It appears to me the second and third backup iteration are executed mereley seconds between each other, so this might be a race condition, too (checkpoint file not closed and flushed to disk already)

mortenmathiasen commented 1 year ago

I made a pull request which fix'es the problem - does that make sense?

mortenmathiasen commented 1 year ago

It is not a race condition.
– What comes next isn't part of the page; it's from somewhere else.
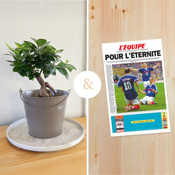 Offrez un cadeau qui se démarque par son style exceptionnel ! Notre duo cadeau pour une occasion spéciale vous propose un bonsaï en pot accompagné d'une impression personnalisée de la Une du journal Le Monde. Choisissez la date de l'impression et marquez cette journée mémorable avec cet arbre miniature emblématique. Ce cadeau unique en son genre ne manquera pas d'étonner et de ravir vos proches !

I run into the same problem later on too.

abbbi commented 1 year ago

the second backup run ends at 06:38:37

[2022-12-27 06:38:37] INFO virtnbdbackup - main [MainThread]: Finished successfully

and the third backup run starts at exactly the same moment:

[2022-12-27 06:38:37] INFO common - printVersion [MainThread]: Version: 1.9.9 Arguments: /bin/virtnbdbackup -U qemu+ssh://root@host1/system --ssh-user root -d almalinux -o /data/backup/virtualmachines/almalinux/ -l auto

so i suspect some race condition between the finishing process and the starting backup process. on libvirt side everything is settled, but it may seem the checkpoint files and the checkpoint .cpt file may not already be flushed to disk, so the third run refers to the same checkpoint.

Are you execetuting these in seperate terminals??

abbbi commented 1 year ago

I made a pull request which fix'es the problem - does that make sense?

not really, because the checkpoint information of the second backup run is used to calculate the next checkpoint name. At this point, it seems the utility is simply not knowing about the past backup task. I try to reproduce on my system but i cant...

mortenmathiasen commented 1 year ago

I ran the 3 backups from scricpt originally. Now I ran them manually by hand, which solves the problem! You were right, it must be a race condition.

abbbi commented 1 year ago

could think about creating a lock file while a backup run is active to prevent such situations, but then its quite uncommon to start backups so fast this race might appear.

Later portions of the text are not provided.